From CopIdRef: - [ ] Modernize js (promise). - [ ] Fill a new item (cf. module Advanced Resource Template). - [ ] Implement the simplified mapping from the module Advanced Resource Template.
Warning
Use it at your own risk.
It’s always recommended to backup your files and your databases and to check your archives regularly so you can roll back if needed.
# database dump example
mysqldump -u omeka -p omeka | gzip > "omeka.$(date +%Y%m%d_%H%M%S).sql.gz"
Troubleshooting
See online issues on the module issues page on GitLab.
License
This module is published under the CeCILL v2.1 license, compatible with GNU/GPL and approved by FSF and OSI.
This software is governed by the CeCILL license under French law and abiding by the rules of distribution of free software. You can use, modify and/ or redistribute the software under the terms of the CeCILL license as circulated by CEA, CNRS and INRIA at the following URL "http://www.cecill.info".
As a counterpart to the access to the source code and rights to copy, modify and redistribute granted by the license, users are provided only with a limited warranty and the software’s author, the holder of the economic rights, and the successive licensors have only limited liability.

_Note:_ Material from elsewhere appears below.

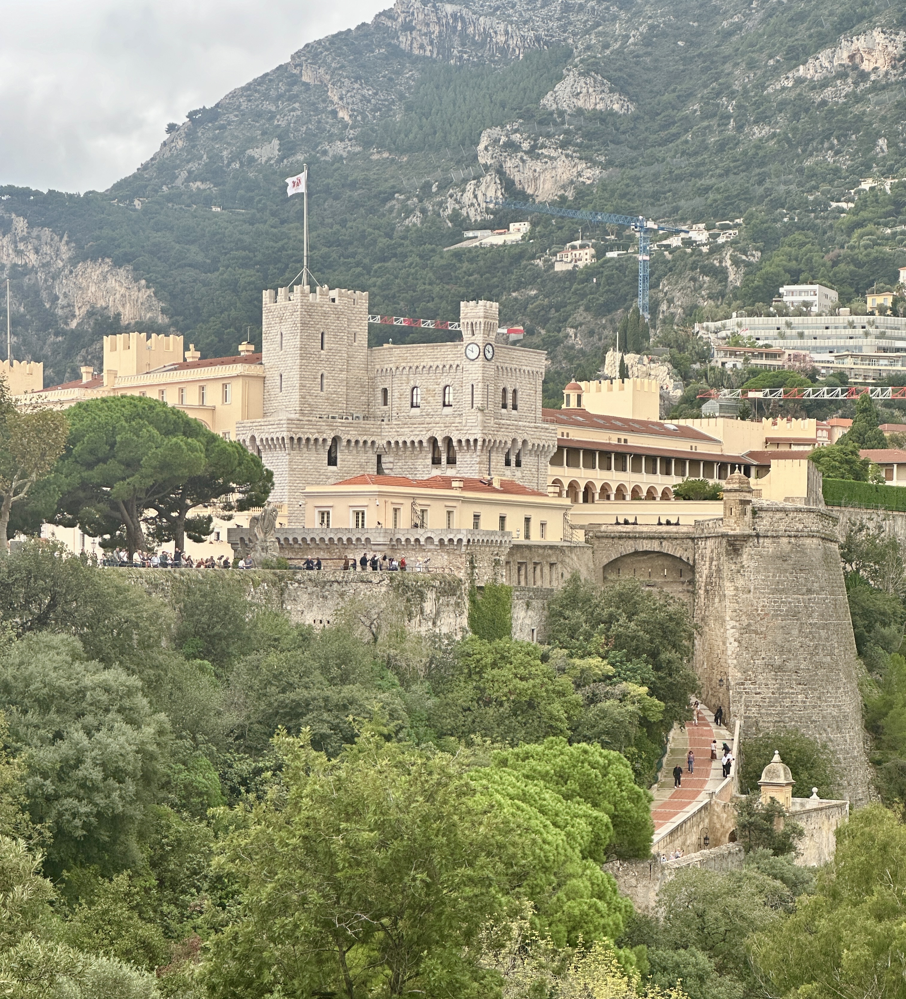 The Palais Princier. Towering over the market and surrounding area, the Palais Princier is a castle with commanding views of the harbor, the mountains, and Monte Carlo. Here’s where the vertiginous hills I mentioned earlier come into play: to reach the castle by foot, you must ascend a fairly steep road with scattered steps for a total elevation gain of around 200 feet.

In this respect, the user’s attention is drawn to the risks associated with loading, using, modifying and/or developing or reproducing the software by the user in light of its specific status of free software, that may mean that it is complicated to manipulate, and that also therefore means that it is reserved for developers and experienced professionals having in-depth computer knowledge. Users are therefore encouraged to load and test the software’s suitability as regards their requirements in conditions enabling the security of their systems and/or data to be ensured and, more generally, to use and operate it in the same conditions as regards security.
The fact that you are presently reading this means that you have had knowledge of the CeCILL license and that you accept its terms.
Copyright
- Copyright Daniel Berthereau, 2012-2026 (see Daniel-KM on GitLab)
- Copyright 2011-2026, Marijn Haverbeke & alii (library CodeMirror, MIT license)
This module is a merge and improvement of previous modules Advanced Resource Template, CopIdRef, Bulk Import and various old scripts.
The merge of modules was implemented for the module Urify designed for the digital library Manioc of the Université des Antilles et de la Guyane.